Часть I. Искусство / Реальность[21]
Глава 1. Зеркальные миры
Но умирающий знал, что никакие это не идеи, что лишь одну сторону понятия «смерть» можно признать реально существующей.
Этот мир и потусторонность: «Истинная жизнь Себастьяна Найта» и «Отчаяние»
Набоков разрабатывает «Истинную жизнь Себастьяна Найта» как перевернутый вариант более раннего романа «Отчаяние». Оба романа объединяют тема отношения творчества к проблеме смертности и потусторонности, а также система похожих мотивов и отсылок. Романы Себастьяна и он сам продолжают жить вопреки смерти. Себастьян сотрудничает со своим сводным братом, общаясь с ним из загробного мира, и это соответствует фальшивому авторству Германа и убийству его псевдодвойника Феликса; более поздний англоязычный роман служит ответом более раннему, русскоязычному. Парные вариации на тему отношений между искусством и жизнью не подтверждают ни одной из версий о протагонисте; скорее такое наложение порождает диалектику, к синтезу которой читатель (идеальный) должен стремиться, но далеко не обязательно сумеет его обрести.
В 1935 году Набоков перевел свой роман «Отчаяние» (завершенный в 1932 году) на английский, надеясь найти работу в Англии или в США. Год спустя после публикации романа в Англии он написал «Истинную жизнь Себастьяна Найта»[22]. Складывается впечатление, что Набоков создал эти русскоязычный и англоязычный романы как парные. Оба романа построены на «чудовищно скучной»[23] теме двойничества и двойников, и зачастую их анализируют вместе как тематически взаимосвязанные, наряду с «Лолитой», «Бледным пламенем» и другими[24]. Однако лишь Сьюзен Э. Суини увидела в этих романах 1933 и 1938 годов намеренно созданную пару. Она считает, что романы представляют собой вариации на тему чувства вины Набокова из-за его отношений с младшим братом, Сергеем; «Отчаяние» было написано, когда между братьями воцарилось отчуждение, а «Найт» – когда они вновь сблизились в Париже [Sweeney Nd][25]. Соотношение между романами еще глубже: Набоков построил их в виде двойников друг для друга, соединив множеством способов, так что негативному варианту истории о двойнике, представленному в «Отчаянии», соответствует положительная репрезентация в «Найте»[26]. То, как Набоков переработал второй перевод «Отчаяния»[27] на английский, позволяет говорить, что он задним числом подчеркнул элементы, соединяющие эти парные романы[28].

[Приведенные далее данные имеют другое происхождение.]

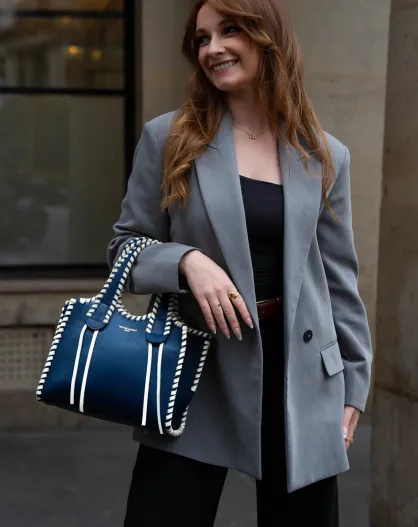 Kamelia leren handtas marineblauw/gebroken wit - 20x25x9cm

В обоих романах перед нами протагонист-писатель (Герман / Себастьян), его двойник (Феликс / В.) и художник, видящий самую суть писателя (Ардалион / Рой Карсуэлл). Псевдодвойничество искусства и реальности – вот на чем фокусируется набоковский парафраз темы двойника-доппельгангера. Герман знает (и мы постепенно убеждаемся в этом, несмотря на его чрезмерно настойчивые возражения), что его жена Лида изменяет ему со своим кузеном Ардалионом и что его шоколадное дело терпит крах; он воображает, будто Феликс, бродяга, случайно встреченный им в Праге, – его двойник. Подспудно вторя «Двойнику» Достоевского и его «Шульд унд зюне»[29], «Кровь и слюни» (шутка Германа), Герман ошибочно принимает реальность за искусство и воображает, будто и задуманное им убийство Феликса, и его рассказ об убийстве представляют собой произведения искусства. Но Ардалион, бездарный художник-халтурщик, оказывается куда ближе к подлинному пониманию природы искусства. «Истинная жизнь Себастьяна Найта» предстает совершенно иной книгой, потому что псевдодвойники, сводные братья, не разрушают друг друга, но, наоборот, сливаются, чтобы стать соавторами-художниками, пишущими книгу, которую мы читаем; Герман же разрушает, уничтожает своего двойника и не имеет власти над своим повествованием.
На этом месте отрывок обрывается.